Ann Christopher RA British, b. 1947

At first glance, Ann Christopher’s elegantly understated sculpture seems to be tied to a series of simple formal decisions and aesthetic concerns about shape and surface. However, her making process is much more complex and instinctual. Once a basic shape is chosen and a template constructed – often out of material as humble as cardboard – it is built up using resin, giving depth and texture to the form before casting into Christopher’s metal of choice and further worked laboriously by hand. Later, precise machine milled linear incisions are made to create a tension with the delicate hand finished surfaces.

 

Integral to this process of making by instinct is the stimulus and fascination Christopher draws upon from a broad range of visual sources: from soaring skyscrapers and modern architecture to rugged coastlines, plant structures and ancient artefacts.

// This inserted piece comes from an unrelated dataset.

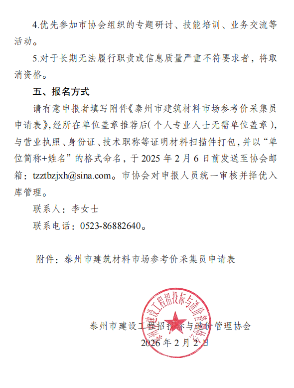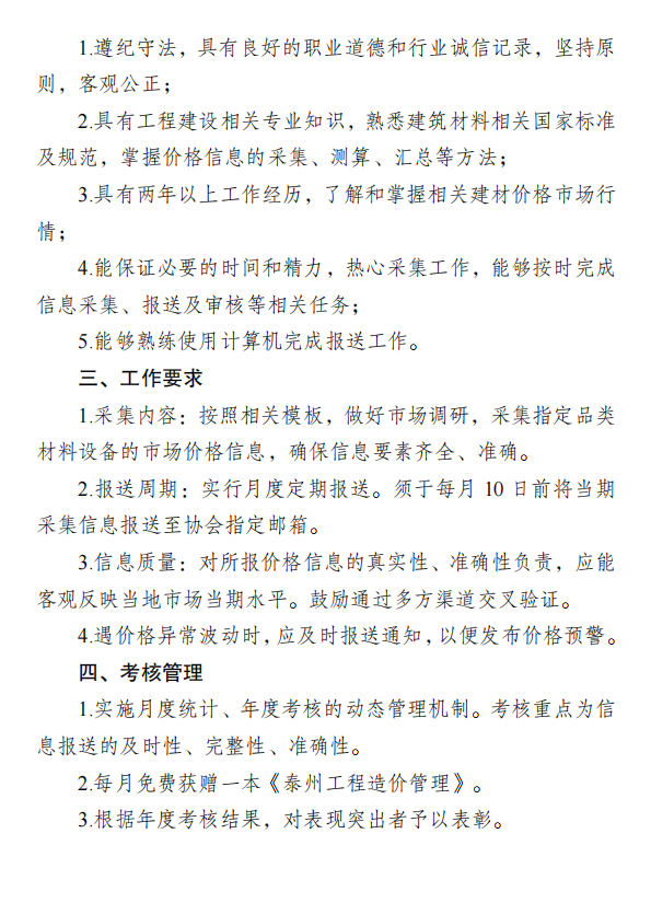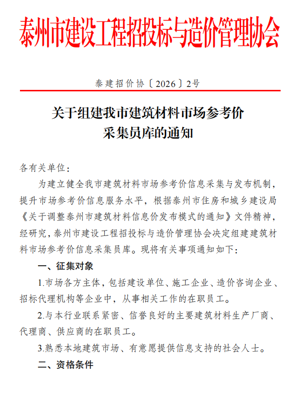 日前,泰州市建设工程招投标与造价管理协会根据市住建局关于调整材料信息价发布模式的文件精神,发文在全市组建建筑材料市场参考价采集员库,为协会下一步发布材料参考价奠定基础。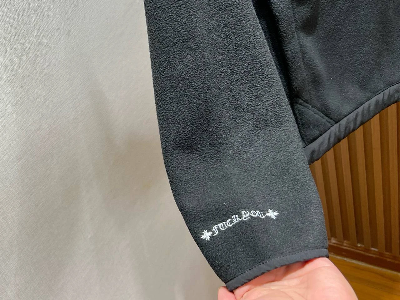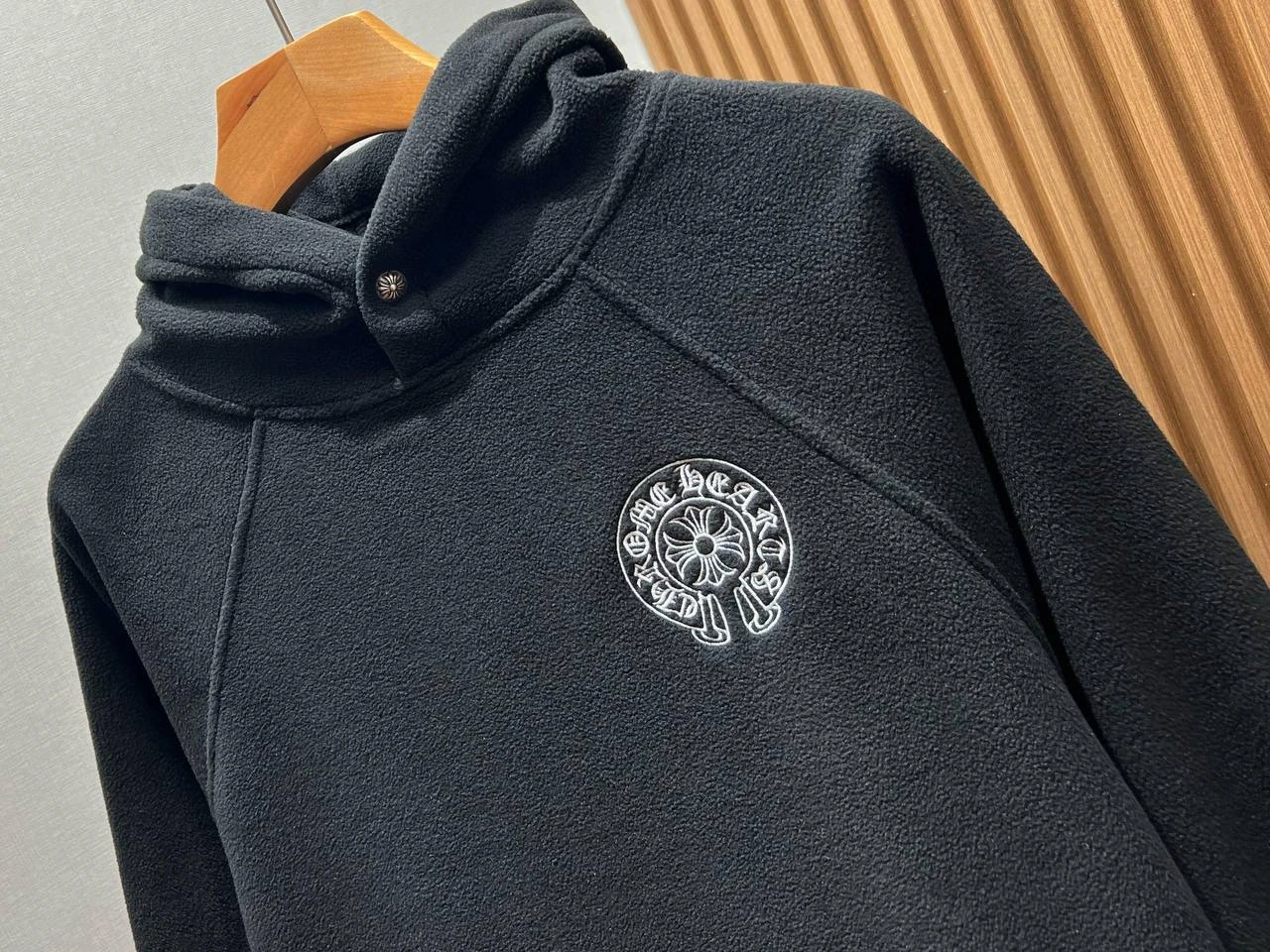 • Вышивка: На груди расположена фирменная вышивка с логотипом CHROME HEARTS в контрастном белом цвете. Этот элемент подчеркивает уникальность и статус бренда, привлекая внимание к деталям.

These broad ranging visual enquiries and inspirations bring both a fearless modernity and an intriguing primitivism to her work, drawing upon the natural and man-made world, the past and the present; not into collision, but into seamless harmony.

 

“My work is very much a visual diary of my physical and emotional life, an expression of some of the visual experiences stored in my subconscious. Unlike a computer I cannot search and find - the images emerge seemingly at random, it is only once these visual experiences appear in the works that the origins can sometimes be retraced”

 

Despite their slenderness of form, Christopher’s work has great strength and presence whilst still inviting peaceful contemplation. She remains dedicated to the artistic principles established in the  Sixties by artists such as Sir Anthony Caro: that a sculpture can be considered a mysterious monument or an abstract ‘presence’, without being directly descriptive.